Morning - Apologies if this has been asked many a time, but I'm looking for a definite answer to what "a cup" measurement is. For example 1/2 cup of almonds, or 1 cup chicken, 3 cups milk etc. I've tried searching the forum briefly & the internet to no avail. If someone could help me out It would be appreciated. Thanks


----------



## Queenie (May 30, 2013)

It's any cup. As long as u use the right proportions to each other as in 1 cup almonds, 1/2 cup milk - same cup x


----------



## Galaxy (Aug 1, 2011)

http://en.wikipedia.org/wiki/Cup_(unit)

Its a specific measurement like say a litre etc


----------



## doggy (Mar 26, 2011)

google works well in situations like this.

http://allrecipes.com/howto/cup-to-gram-conversions/


----------



## Queenie (May 30, 2013)

Pmsl at u guys that have never cooked with a cup measurement !! Trust me OP - its any cup u have to hand but use the same throughout the recipe x


----------



## yannyboy (Jun 20, 2009)

RXQueenie said:


> Pmsl at u guys that have never cooked with a cup measurement !! Trust me OP - its any cup u have to hand but use the same throughout the recipe x


Think alot of guys on here haven't cooked fullstop, lol


----------



## spudsy (May 13, 2009)

A cup is a volume measurement rather than a weight, Its equivalent to 250 ml or 9 fluid ounces.


----------



## Queenie (May 30, 2013)

spudsy said:


> A cup is a volume measurement rather than a weight, Its equivalent to 250 ml or 9 fluid ounces.


250ml of almonds? Good-oh lol


----------



## Queenie (May 30, 2013)

Haha yeah true x


----------



## spudsy (May 13, 2009)

Yup 250 ml of almonds in volume... not weight,

Like when you buy bags of compost... they're sold in volumes of 25 litres rather than weights.


----------



## Queenie (May 30, 2013)

spudsy said:


> Yup 250 ml of almonds in volume... not weight,
> 
> Like when you buy bags of compost... they're sold in volumes of 25 litres rather than weights.


Well u learn something new every day.

However I prefer my almonds in g's and I prefer my cup as a cup.


----------



## spudsy (May 13, 2009)

RXQueenie said:


> Well u learn something new every day.
> 
> However I prefer my almonds in g's and I prefer my cup as a cup.
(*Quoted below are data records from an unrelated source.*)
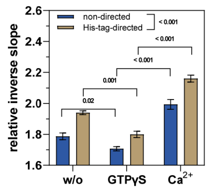 通過比較不同標(biāo)記類型的結(jié)果,可以明顯看出 His 標(biāo)簽引導(dǎo)標(biāo)記產(chǎn)生的相對倒數(shù)斜率值明顯更高(p < 0.001)(圖 4)。這與在靜態(tài)模式下評估的 GTPγS 結(jié)合動(dòng)力學(xué)的結(jié)果一致(圖 3)。因此,TGase 2 與 ssDNA 的位點(diǎn)選擇性偶聯(lián)(此處通過 His 標(biāo)簽引導(dǎo) DNA)對 switchSENSE® 兩種測量模式的數(shù)據(jù)質(zhì)量都有積極影響,Staffler 等人最近也提出了這一建議 [57]。特別是對于 TGase 2,靠近 N 端的功能化是有利的,因?yàn)樵谟?GTP 類似物和 Ca2+ 刺激時(shí),N 端 β 夾層較少參與構(gòu)象重塑。但是,如上所述,His 標(biāo)簽引導(dǎo)標(biāo)記的主要缺點(diǎn)是制備結(jié)合物期間產(chǎn)量低。因此,我們決定利用非定向標(biāo)記獲得的 hTGase 2-ssDNA 進(jìn)行抑制劑 1-3 的構(gòu)象影響實(shí)驗(yàn)。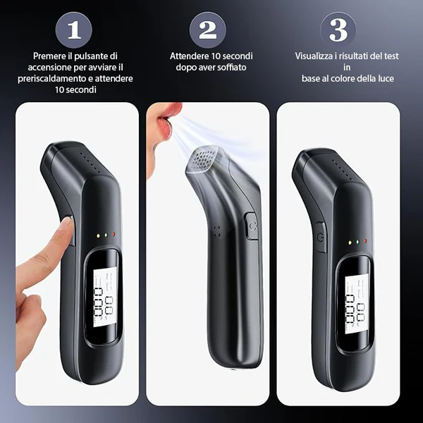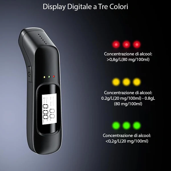 Equipped with a three-color warning system, the breathalyzer covers a testing range of 0.00%, 0.19% BAC, and 0.01.9g/L. If the detected alcohol level exceeds 0.03% BAC or 0.30g/L, the device emits a continuous beep, warning drivers not to drive.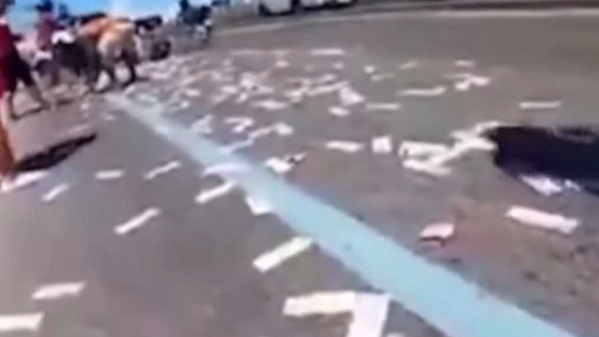 Chiếc balo đựng số tiền tương đương 1,2 tỷ đồng mà anh John Mark Barrientos (Philippines) đeo đằng sau đã xổ tung, bay khắp cao tốc, gây ra cảnh tượng hỗn loạn.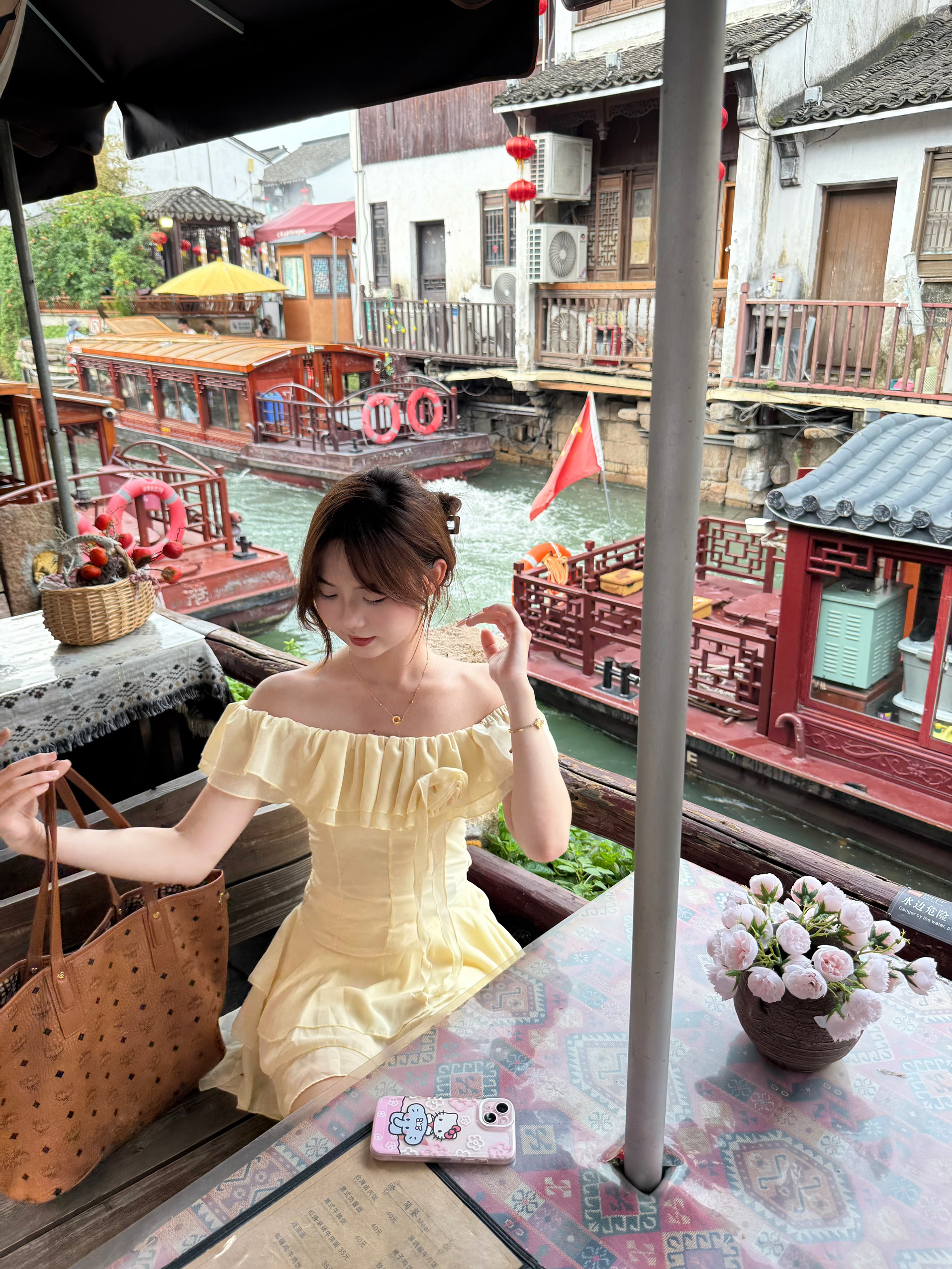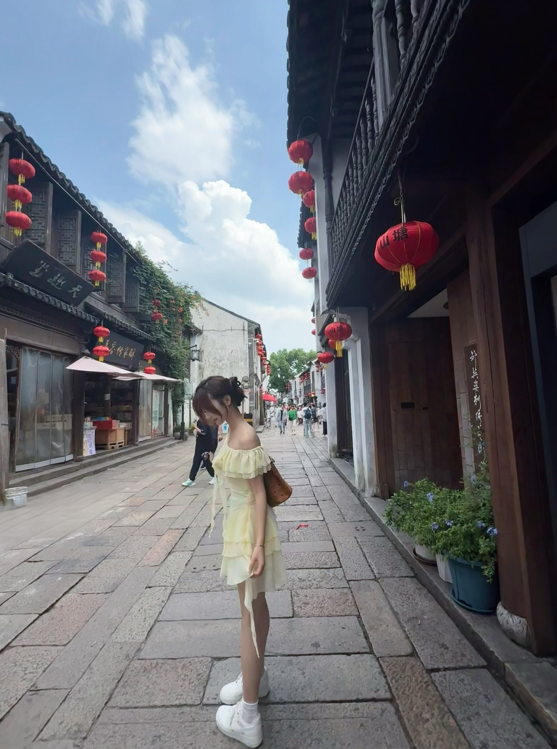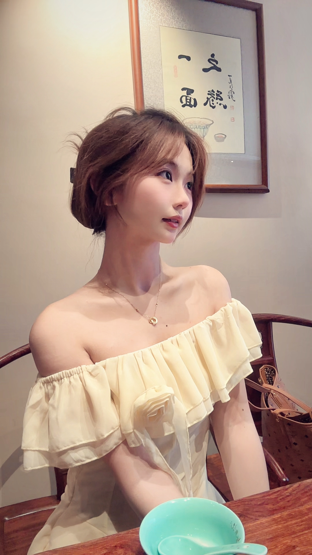 身高|体重:168cm/102 🧍♂️ 穿搭风格:法式 甜妹 温柔 👗:淡黄色不规则一字肩连衣裙 👟 鞋子:空军 🎒配饰:设计感的配饰更加分!

Me too Queenie, Well I prefer most stuff in G's, cups are a bit too variable when sorting diet macro's etc. out!


----------



## Fatstuff (Mar 2, 2010)

The cup size is the size of actual breast. The number is actual chest size! I know I know, I'm helpful


----------



## MadBillJohns (Jun 27, 2012)

Lol - thanks all. If I used my brain then I should've searched cup measurement or included unit but It's early & I wasn't thinking straight, haha. Cheers for clearing it up. Now back to writing up my hardgainer mealplan that I'm starting next week, wish me lucccccck.


----------